Posted by: Shoshana (Bershad) | Apr 11, 2007 7:28:19 PM
Well, I've never heard the beef version of that story before. The version I learned was the epitome of treif - you guessed it - it was an h-a-m - and involved the new husband asking his wife why she cut off the ends, and the answer being of course that her mother always did it that way. The husband, when he sees his mother-in-law, asks why, and she says her mother always did it that way. The grandmother, when he gets to ask her, says "to make it fit in the pan". Since of course no Jewish woman would be cooking such a thing, one could assume that the story would of course not apply to her, since she wouldn't be so foolish as to follow this silly - habit. Can't quite elevate this one to the status of a custom.
And I've never even heard the song before. Missed the opportunity to inflict that cause for therapy on my child. And I think I'll leave it that way....
Posted by: Iris | Apr 11, 2007 7:58:24 PM
a) Sounds like the version my dad taught me from the Chad Mitchell Trio (that may bring back memories).
b) When my parents made their first Pesach, my mother wanted to serve stuffed cabbage at the Seder.
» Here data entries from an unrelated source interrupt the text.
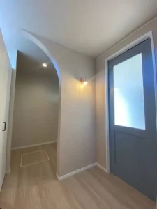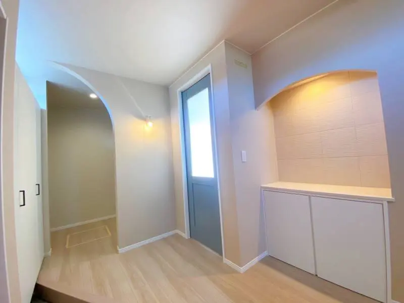 差し色のブルーグレーオークの建具が印象的に出迎えてくれます。
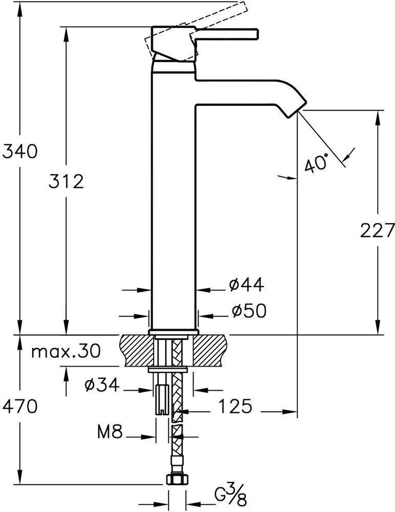 Комплект мебели STWORKI Ольборг 60 столешница дуб карпентер, без отверстий, с тумбой 60, с раковиной
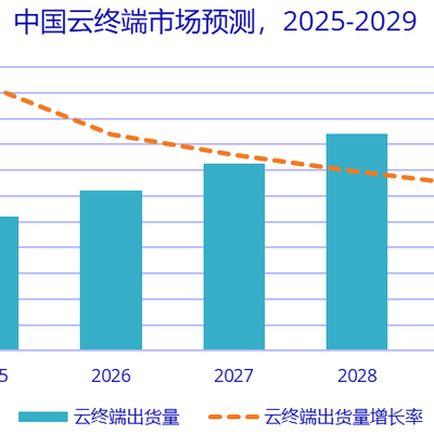 预计到 2029 年云终端出货量将突破 962 万台,五年复合增长率为 16.6%。

My grandmother insisted that was against the law. The issue was finally clarified by my great-grandmother, who simply said: "Cabbage was not available in Poland at Pesach-time." This is how traditions are born. Needless to say, my mother's Pesach stuffed cabbage has been served ever since.
Posted by: Elisha | Apr 11, 2007 8:55:44 PM
Oh, I just loooove those Pesach "traditions", Elisha. We don't eat so many foods because my grandmother says they didn't eat them in Europe. I can't wait to break those traditions.
Posted by: SaraK | Apr 11, 2007 10:27:42 PM
Great idea, preserving family memories on ye olde blogge. I just posted one of my own. (The link doesn't show up here, for some odd reason, so here it is.
Posted by: Shira Salamone | Apr 12, 2007 3:04:05 AM
The enemy ship is alternately Turkish, English, French, Spanish or even Mongol (did they even have ships?).
The term "kamikaze" comes from the "divine winds" that prevented a pair of seaborne Mongol invasions of Japan.